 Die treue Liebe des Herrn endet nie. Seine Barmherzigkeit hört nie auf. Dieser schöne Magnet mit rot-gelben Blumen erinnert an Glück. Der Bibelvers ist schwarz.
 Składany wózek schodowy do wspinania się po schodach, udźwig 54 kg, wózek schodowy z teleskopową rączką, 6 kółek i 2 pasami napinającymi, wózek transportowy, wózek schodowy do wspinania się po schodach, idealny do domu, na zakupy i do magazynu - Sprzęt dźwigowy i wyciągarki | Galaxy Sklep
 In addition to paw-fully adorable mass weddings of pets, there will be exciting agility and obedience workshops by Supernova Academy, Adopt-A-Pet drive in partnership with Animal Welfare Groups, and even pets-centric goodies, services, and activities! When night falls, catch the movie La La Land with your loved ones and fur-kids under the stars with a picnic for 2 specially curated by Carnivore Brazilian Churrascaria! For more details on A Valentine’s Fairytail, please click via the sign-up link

# # # # #

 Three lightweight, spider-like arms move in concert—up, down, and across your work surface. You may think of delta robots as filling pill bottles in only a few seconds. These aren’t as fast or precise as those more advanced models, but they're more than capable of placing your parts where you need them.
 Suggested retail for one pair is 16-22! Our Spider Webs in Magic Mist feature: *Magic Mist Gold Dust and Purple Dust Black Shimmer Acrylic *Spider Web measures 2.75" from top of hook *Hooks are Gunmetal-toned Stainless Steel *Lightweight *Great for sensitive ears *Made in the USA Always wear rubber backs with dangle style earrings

# # # # #

> [ABOUT THIS TASK]: What you give back should be only the lines of the records above, starting at the line with "Składany wózek schodowy" and ending at the line with "In addition to", restated word for word.

> [SOLUTION FOR THIS EXERCISE]:
 Składany wózek schodowy do wspinania się po schodach, udźwig 54 kg, wózek schodowy z teleskopową rączką, 6 kółek i 2 pasami napinającymi, wózek transportowy, wózek schodowy do wspinania się po schodach, idealny do domu, na zakupy i do magazynu - Sprzęt dźwigowy i wyciągarki | Galaxy Sklep
 In addition to paw-fully adorable mass weddings of pets, there will be exciting agility and obedience workshops by Supernova Academy, Adopt-A-Pet drive in partnership with Animal Welfare Groups, and even pets-centric goodies, services, and activities! When night falls, catch the movie La La Land with your loved ones and fur-kids under the stars with a picnic for 2 specially curated by Carnivore Brazilian Churrascaria! For more details on A Valentine’s Fairytail, please click via the sign-up link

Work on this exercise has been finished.